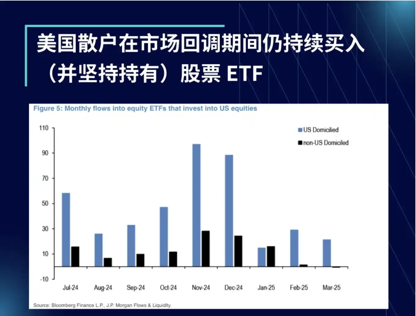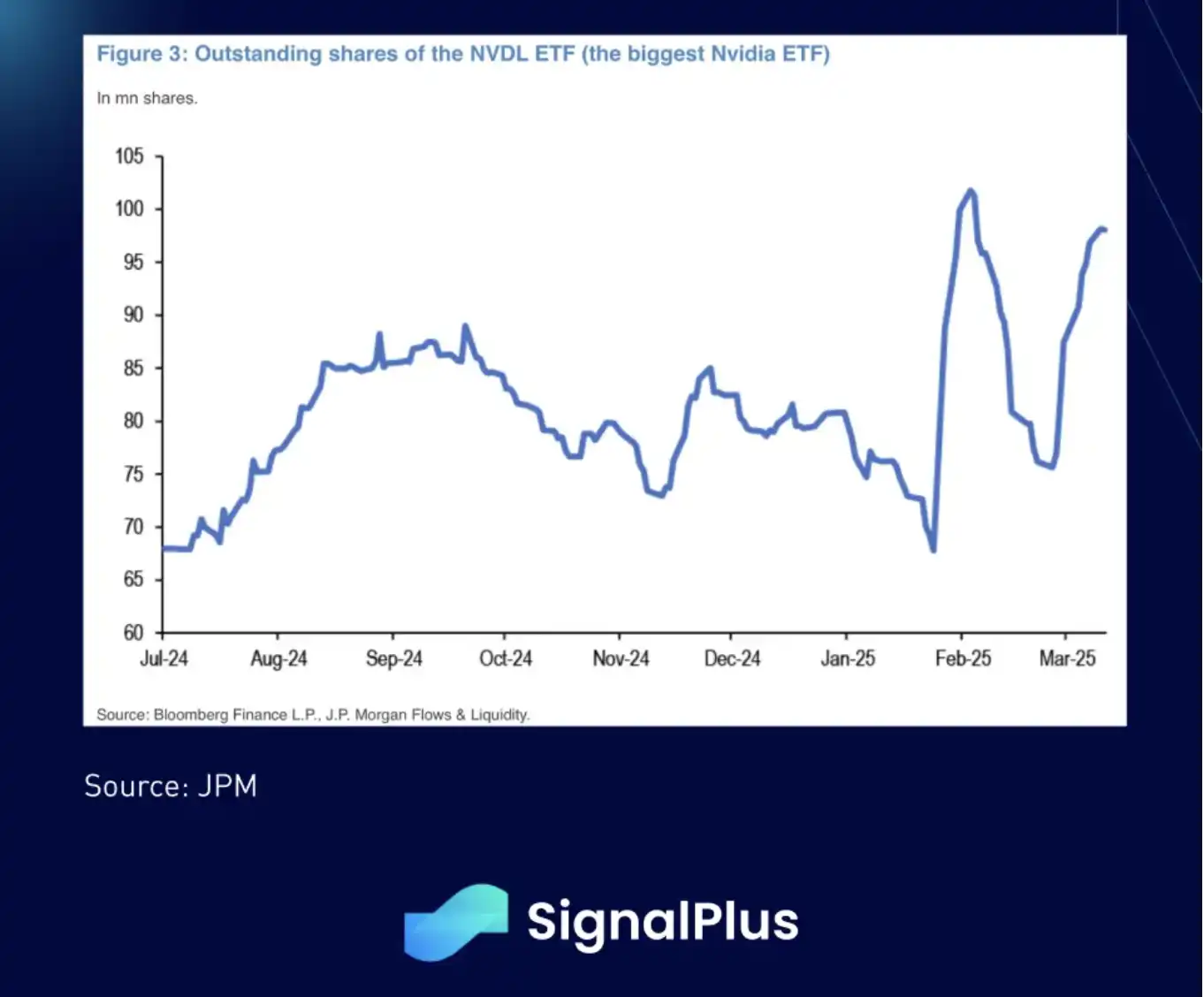 从数据来看,散户似乎尚未提前因应经济放缓。美股 ETF 自 2 月市场见顶以来几乎每天都出现资金净流入,而增长型 ETF(如 Nvidia)的持仓也反弹至历史高点附近。
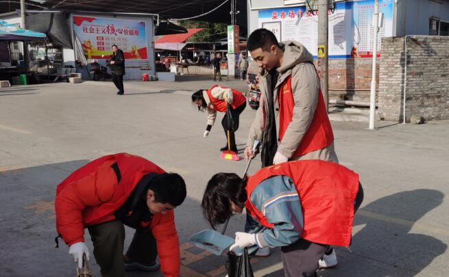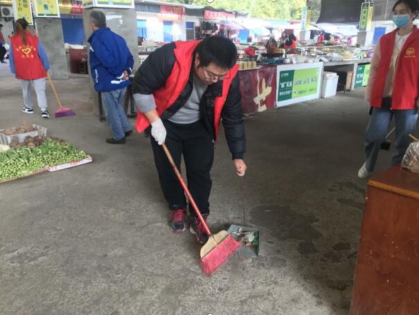 志愿者们来到社区附近的菜市场和居民小区等场所,一组负责清理菜市场公共区域各角落的杂物、垃圾纸屑、周边的杂草、绿化带内的白色垃圾;另一组负责知识宣传,现场讲解疫情时代维护公共卫生环境的重要性,提醒社区居民不乱扔垃圾、不随地吐痰,积极带好口罩等,提高居民们的卫生意识、构建人类卫生健康共同体。
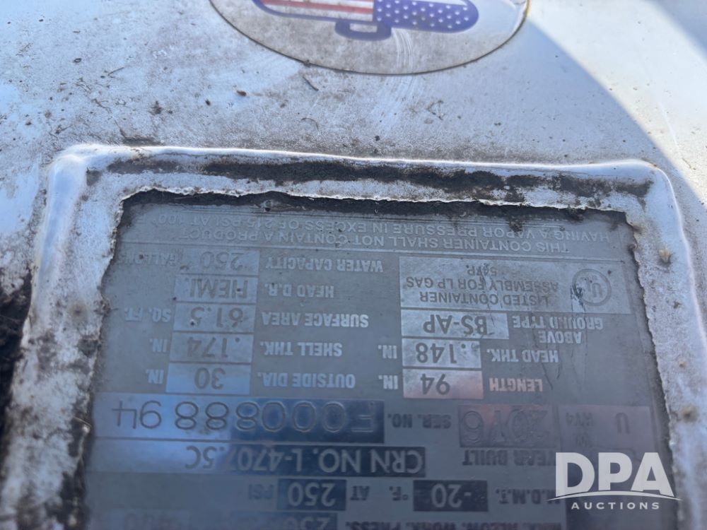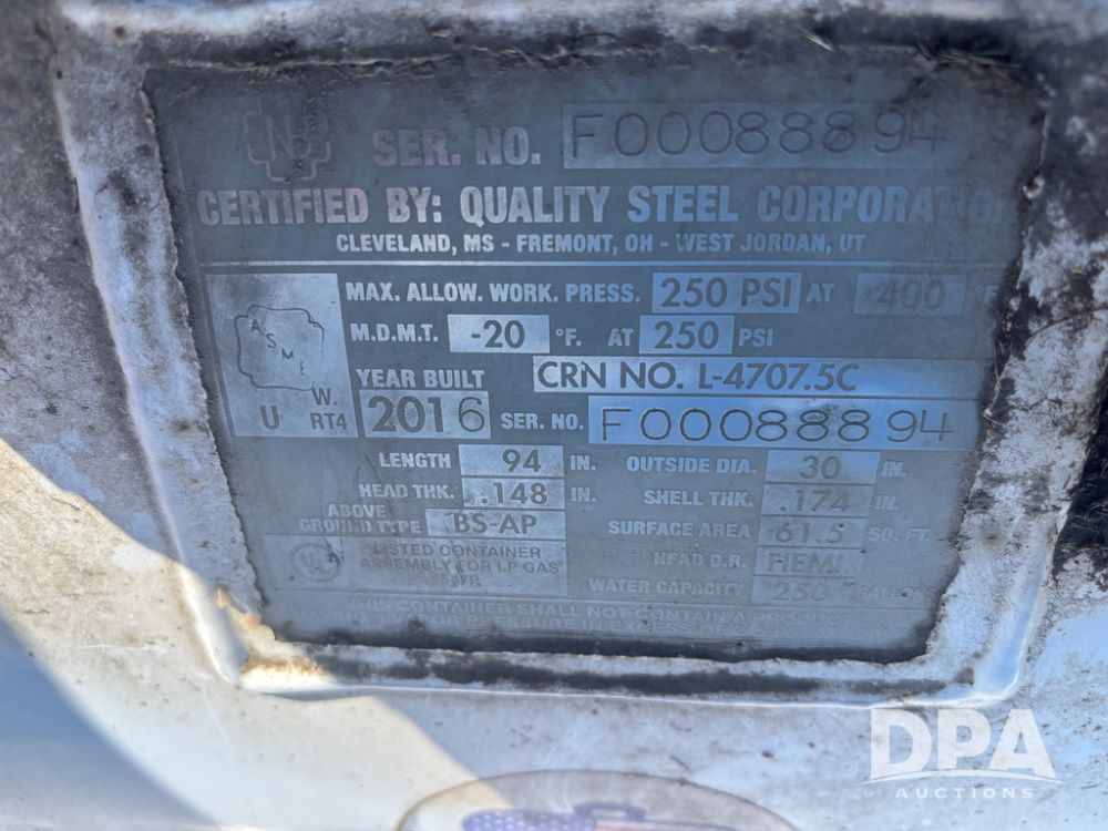 2016 Quality Steel LP Tank (DR13475), 250 gallon LP storage tank w/good data tag.
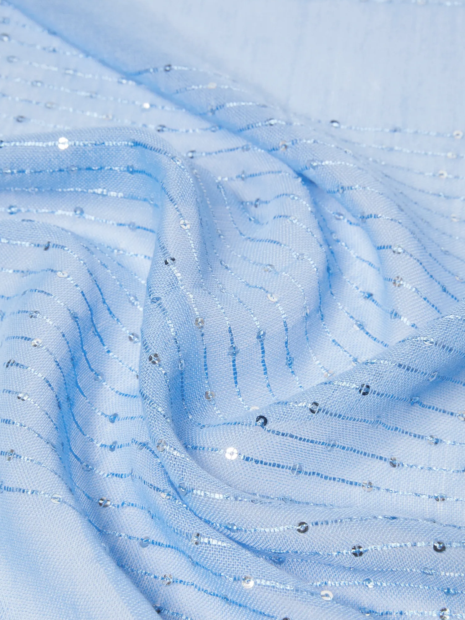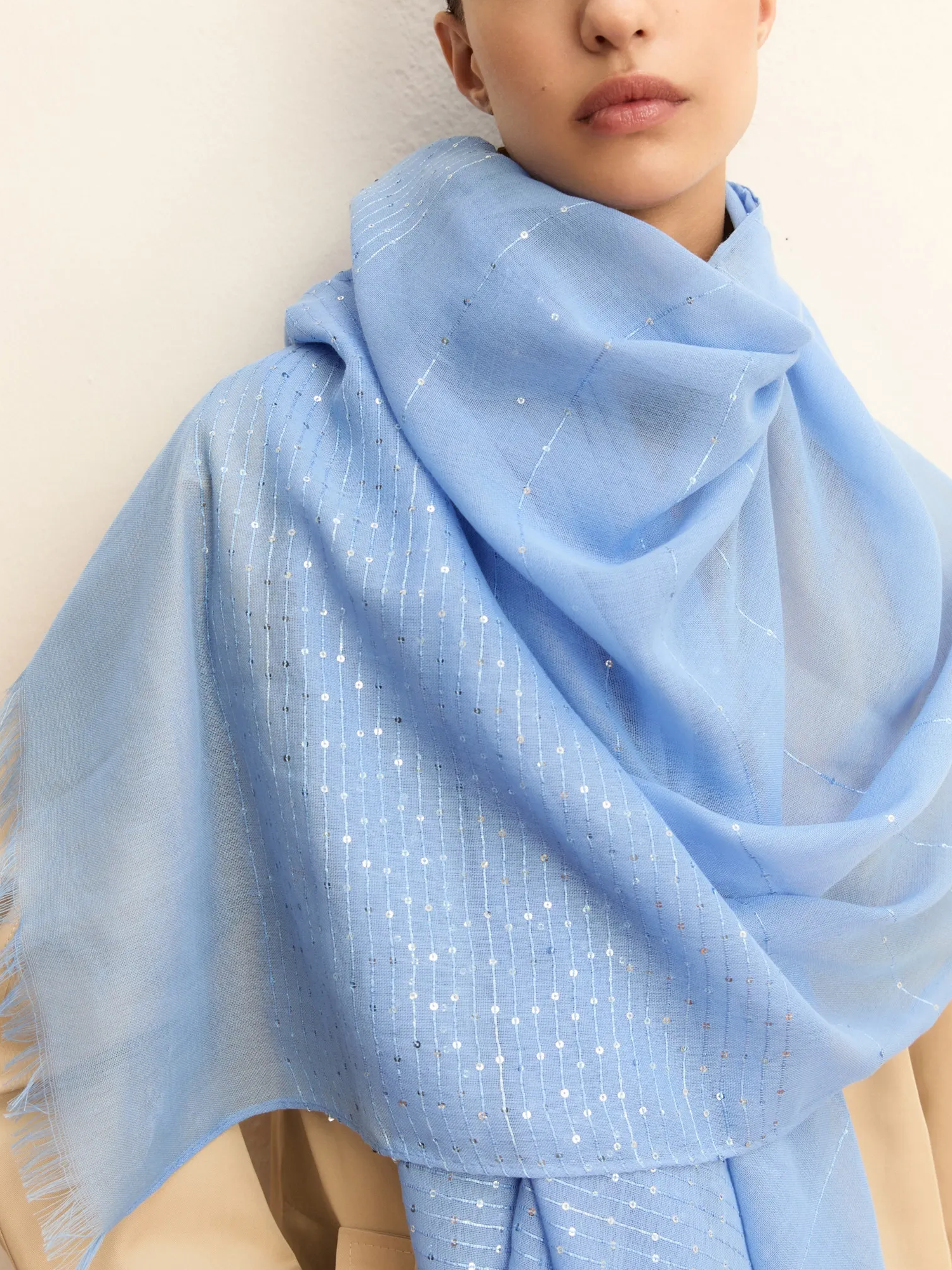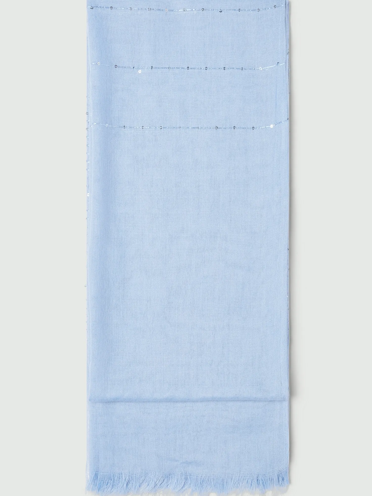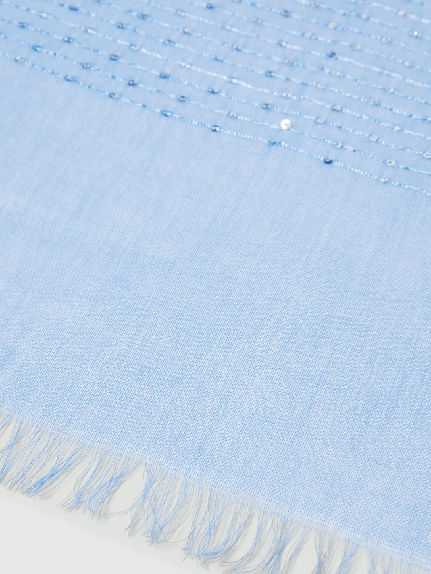 Sciarpain misto cotone leggero con paillette, motivo di righe orizzontali e frangiacorta al fondo.
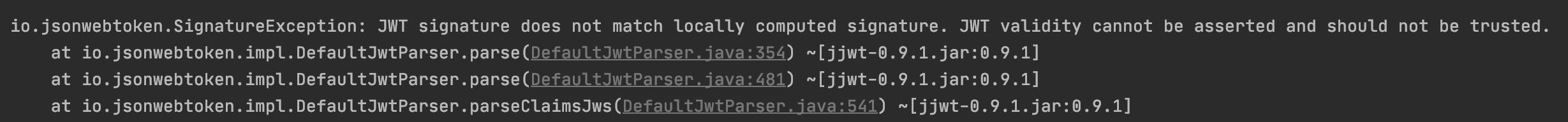 - 반면 jwt 토큰을 임의로 수정하여 다시 요청해보겠습니다.
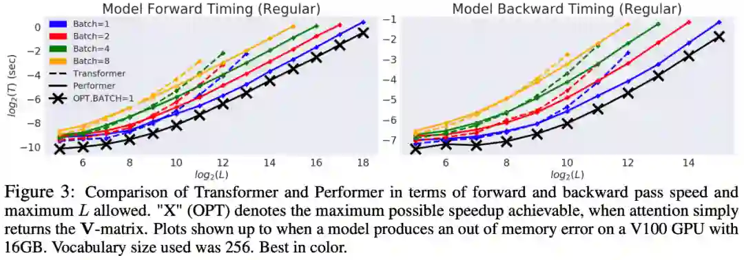一开始是速度上的评测,这个不意外,反正就是序列长了之后 Performer 比标准的 Transformer 有明显优势:

######

▶ [Problem description] Drop the images; return the entries above exactly as they appear.

▶ [Solution below]
 从数据来看,散户似乎尚未提前因应经济放缓。美股 ETF 自 2 月市场见顶以来几乎每天都出现资金净流入,而增长型 ETF(如 Nvidia)的持仓也反弹至历史高点附近。
 志愿者们来到社区附近的菜市场和居民小区等场所,一组负责清理菜市场公共区域各角落的杂物、垃圾纸屑、周边的杂草、绿化带内的白色垃圾;另一组负责知识宣传,现场讲解疫情时代维护公共卫生环境的重要性,提醒社区居民不乱扔垃圾、不随地吐痰,积极带好口罩等,提高居民们的卫生意识、构建人类卫生健康共同体。
 2016 Quality Steel LP Tank (DR13475), 250 gallon LP storage tank w/good data tag.
 Sciarpain misto cotone leggero con paillette, motivo di righe orizzontali e frangiacorta al fondo.
 - 반면 jwt 토큰을 임의로 수정하여 다시 요청해보겠습니다.
一开始是速度上的评测,这个不意外,反正就是序列长了之后 Performer 比标准的 Transformer 有明显优势:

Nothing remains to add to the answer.